At a New York City screening of the Fellow Travelers premiere, located in the vintage-styled cellar of the Roxy Cinema of Manhattan's Tribeca district, Ron Nyswaner, the Oscar-winning scribe behind the drama, made clear to those in attendance: "This show is really gay." Now that the first episode of this historical miniseries is out on Paramount+ ahead of Sunday's debut on Showtime, a general audience can see for themselves just how gay we're talking.
There are multiple explicit sex scenes in the first hour alone, including one particular sequence that sees Tim Laughlin (Bridgerton's Jonathan Bailey) sucking on the toes of Hawkins Fuller (Magic Mike's Matt Bomer) in the 1952 Washington, D.C., setting. It's his way of seducing his closeted lover in order to gain access to an exclusive party on the Hill. "I'm your boy, right?" Bailey's Tim says. "And your boy wants to go to the party." Then the old adage of putting one's foot in one's mouth becomes all too literal.
It's... wooh! ... It's sizzling. But Daniel Minahan, who the directs the first couple episodes and executive produces the show as a whole, wants to emphasize there's more going on here than just the sight of Bailey sopping up Bomer's piggly wigglies.
Showtime Matt Bomer's Hawkins Fuller and Jonathan Bailey's Tim Laughlin amid the throes of sex in 'Fellow Travelers'
"The thing that was important to me was that the sex scenes were always telling a story, and they weren't just gratuitous," the Assassination of Gianni Versace Emmy winner tells EW. "They were about control. They were about power." It's something he set up right from the beginning. "In the first scene where they make love, Hawk has the power," the filmmaker explains, adding how that initial masturbation scene is Tim "having this almost transcendent experience with Hawk, which imprints on him."
"The scene where Tim withholds the information until [Hawk] agrees to take him to the party, within that, Hawk tries to dominate him," Minahan continues. "Sticking his foot in his mouth really was a dominance over him, but in that case, who's the dominant one and who's the submissive one? It seems like Tim ended up getting what he wanted in the end."
There's a lot more to Fellow Travelers than just sex, though it certainly doesn't hurt. The eight-episode drama oscillates between the AIDS crisis of the 1980s, where Hawk visits an ailing Tim in San Fransisco; and the previous decades during which these on-again-off-again lovers have crossed paths. There's a tense vibe to the 1950s timeline as McCarthy begins the Lavender Scare, a purging of homosexuals from government work.

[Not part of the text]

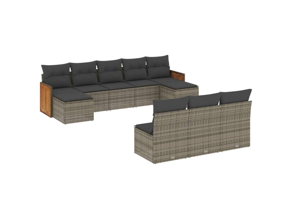 10dílná zahradní sedací souprava s poduškami šedá polyratan 3228069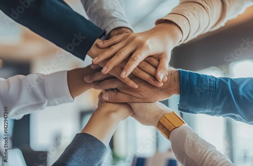Diverse team stacking hands, unity.

But ultimately, the creators of the show realize that, for better or worse, people are going to be taking particular notice every time a bare bum or the like flashes across the screen.

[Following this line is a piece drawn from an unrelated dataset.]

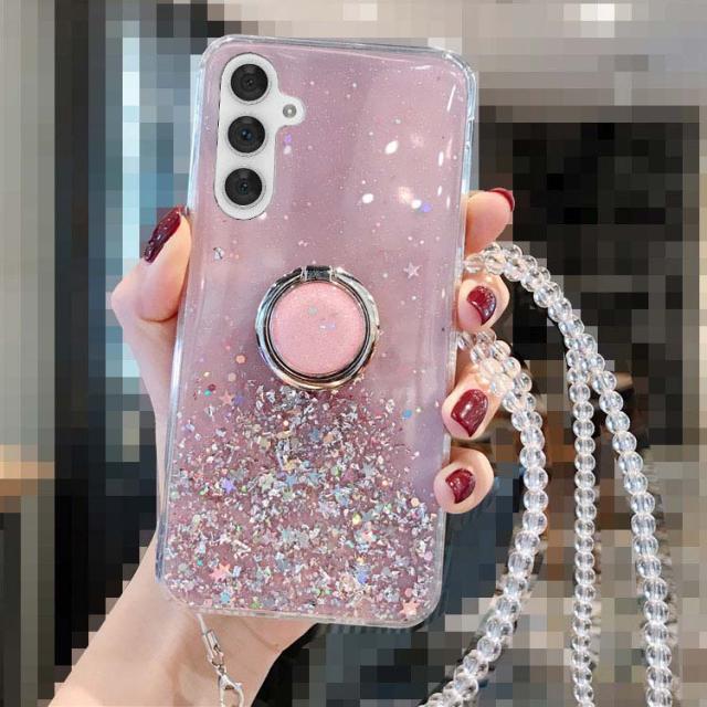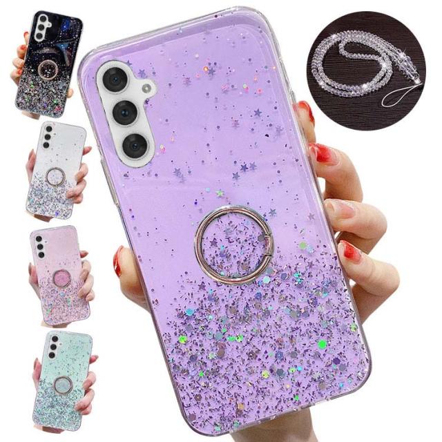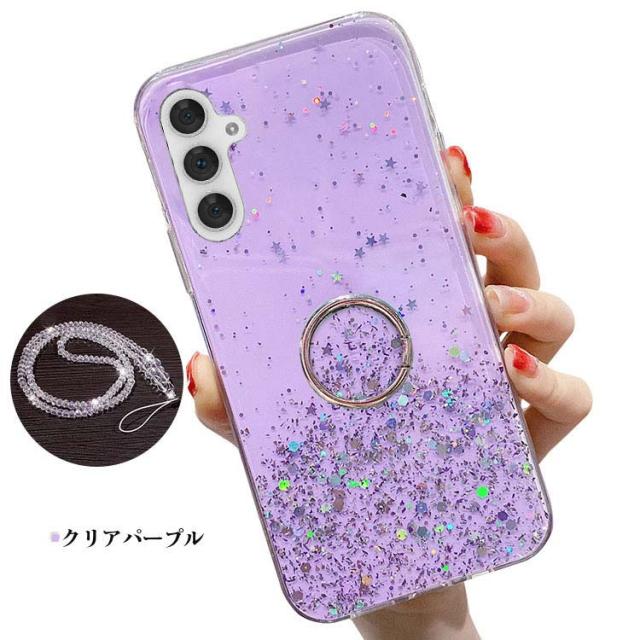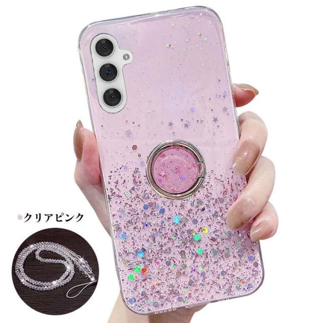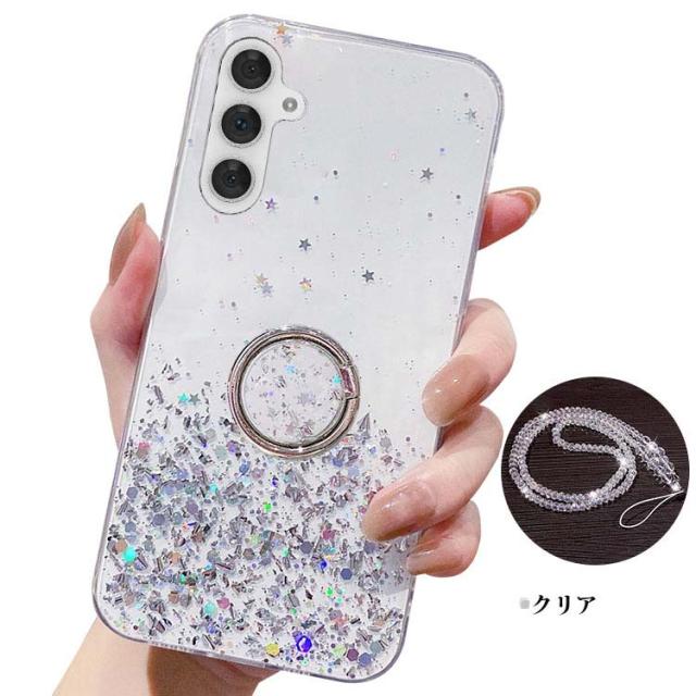 Samsung Galaxy A54 5G クリアケース カバー クリア 透明 分離型スマホリング付き 肩掛け ストラップ付き スマホショルダー 可愛い かわいい きらきら エレガント おしゃれ レディース サムスン ギャラクシー A54 5G ソフトケース/カバー アンドロイド スマホケース/カバー

"Oscar Wilde said, 'Everything in life is about sex except for sex. Sex is about power.' That was one rule," Nyswaner separately tells EW. "The other rule is that we try not to do the same sexual act more than once. When we were writing episode 8, my co-writers and I said, 'What haven't we done?'"
Showtime Matt Bomer and Jonathan Bailey in 'Fellow Travelers'
Robbie Rogers, the former-soccer-star-turned television producer, makes note of the authenticity of depicting same-sex sex. "When you're with Tim and Hawk in Tim's apartment, you really feel the intimacy and what it's like between two men before and after having sex," he says. "Some people might feel awkward, but I feel like in our story it feels quite authentic and real."
Rogers confirms a lot of planning went into pulling off these scenes between the producers, the episodic directors, the intimacy coordinators, and the actors themselves. There were "a lot of conversations about what [the actors] were willing and wanted to do," he adds. "A lot of that was actors [having] ideas about their characters. We were really open to those discussions."
While there will surely be many viewers thirsting after Bailey and Bomer's chiseled forms, Rogers hopes people will realize there's more to depicting such intense sex than just for the sake of it. "I hope this feels very real and part of the character storyline and they understand like the dynamics of power that are shifting," he says.
But also... you know, there's foot stuff.
Fellow Travelers airs Fridays on Paramount+ and Sundays at 9 p.m. ET/PT on Showtime.